(Collection entries)
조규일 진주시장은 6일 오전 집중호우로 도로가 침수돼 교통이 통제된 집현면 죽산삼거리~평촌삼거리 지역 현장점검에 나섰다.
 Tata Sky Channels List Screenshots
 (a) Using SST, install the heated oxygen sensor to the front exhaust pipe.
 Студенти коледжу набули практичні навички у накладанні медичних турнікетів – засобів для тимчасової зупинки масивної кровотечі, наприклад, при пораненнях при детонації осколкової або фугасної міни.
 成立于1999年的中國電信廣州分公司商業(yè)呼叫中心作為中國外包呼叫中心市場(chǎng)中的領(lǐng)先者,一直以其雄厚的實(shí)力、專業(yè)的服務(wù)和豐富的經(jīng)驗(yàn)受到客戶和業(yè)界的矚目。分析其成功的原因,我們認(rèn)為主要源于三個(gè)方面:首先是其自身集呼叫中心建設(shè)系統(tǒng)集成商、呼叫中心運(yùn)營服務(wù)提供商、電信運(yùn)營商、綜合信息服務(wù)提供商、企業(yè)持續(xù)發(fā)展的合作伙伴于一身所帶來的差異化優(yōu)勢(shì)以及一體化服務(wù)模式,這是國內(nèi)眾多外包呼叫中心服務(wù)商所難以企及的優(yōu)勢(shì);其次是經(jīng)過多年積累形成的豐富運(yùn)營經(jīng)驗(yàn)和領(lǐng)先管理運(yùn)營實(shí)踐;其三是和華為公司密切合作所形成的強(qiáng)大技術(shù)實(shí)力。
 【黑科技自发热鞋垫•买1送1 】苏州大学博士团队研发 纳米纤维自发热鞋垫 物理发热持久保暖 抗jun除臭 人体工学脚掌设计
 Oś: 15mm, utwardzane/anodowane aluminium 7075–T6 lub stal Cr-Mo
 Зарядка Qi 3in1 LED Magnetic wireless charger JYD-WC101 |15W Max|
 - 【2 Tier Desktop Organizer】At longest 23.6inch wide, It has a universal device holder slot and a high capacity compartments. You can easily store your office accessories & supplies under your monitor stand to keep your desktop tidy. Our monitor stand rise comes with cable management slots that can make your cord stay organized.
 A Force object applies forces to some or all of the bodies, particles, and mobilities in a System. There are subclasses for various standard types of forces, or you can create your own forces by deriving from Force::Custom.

* Work to complete: The entries above need to be transcribed with no differences at all.

* Your solution:
조규일 진주시장은 6일 오전 집중호우로 도로가 침수돼 교통이 통제된 집현면 죽산삼거리~평촌삼거리 지역 현장점검에 나섰다.
 Tata Sky Channels List Screenshots
 (a) Using SST, install the heated oxygen sensor to the front exhaust pipe.
 Студенти коледжу набули практичні навички у накладанні медичних турнікетів – засобів для тимчасової зупинки масивної кровотечі, наприклад, при пораненнях при детонації осколкової або фугасної міни.
 成立于1999年的中國電信廣州分公司商業(yè)呼叫中心作為中國外包呼叫中心市場(chǎng)中的領(lǐng)先者,一直以其雄厚的實(shí)力、專業(yè)的服務(wù)和豐富的經(jīng)驗(yàn)受到客戶和業(yè)界的矚目。分析其成功的原因,我們認(rèn)為主要源于三個(gè)方面:首先是其自身集呼叫中心建設(shè)系統(tǒng)集成商、呼叫中心運(yùn)營服務(wù)提供商、電信運(yùn)營商、綜合信息服務(wù)提供商、企業(yè)持續(xù)發(fā)展的合作伙伴于一身所帶來的差異化優(yōu)勢(shì)以及一體化服務(wù)模式,這是國內(nèi)眾多外包呼叫中心服務(wù)商所難以企及的優(yōu)勢(shì);其次是經(jīng)過多年積累形成的豐富運(yùn)營經(jīng)驗(yàn)和領(lǐng)先管理運(yùn)營實(shí)踐;其三是和華為公司密切合作所形成的強(qiáng)大技術(shù)實(shí)力。
 【黑科技自发热鞋垫•买1送1 】苏州大学博士团队研发 纳米纤维自发热鞋垫 物理发热持久保暖 抗jun除臭 人体工学脚掌设计
 Oś: 15mm, utwardzane/anodowane aluminium 7075–T6 lub stal Cr-Mo
 Зарядка Qi 3in1 LED Magnetic wireless charger JYD-WC101 |15W Max|
 - 【2 Tier Desktop Organizer】At longest 23.6inch wide, It has a universal device holder slot and a high capacity compartments. You can easily store your office accessories & supplies under your monitor stand to keep your desktop tidy. Our monitor stand rise comes with cable management slots that can make your cord stay organized.
 A Force object applies forces to some or all of the bodies, particles, and mobilities in a System. There are subclasses for various standard types of forces, or you can create your own forces by deriving from Force::Custom.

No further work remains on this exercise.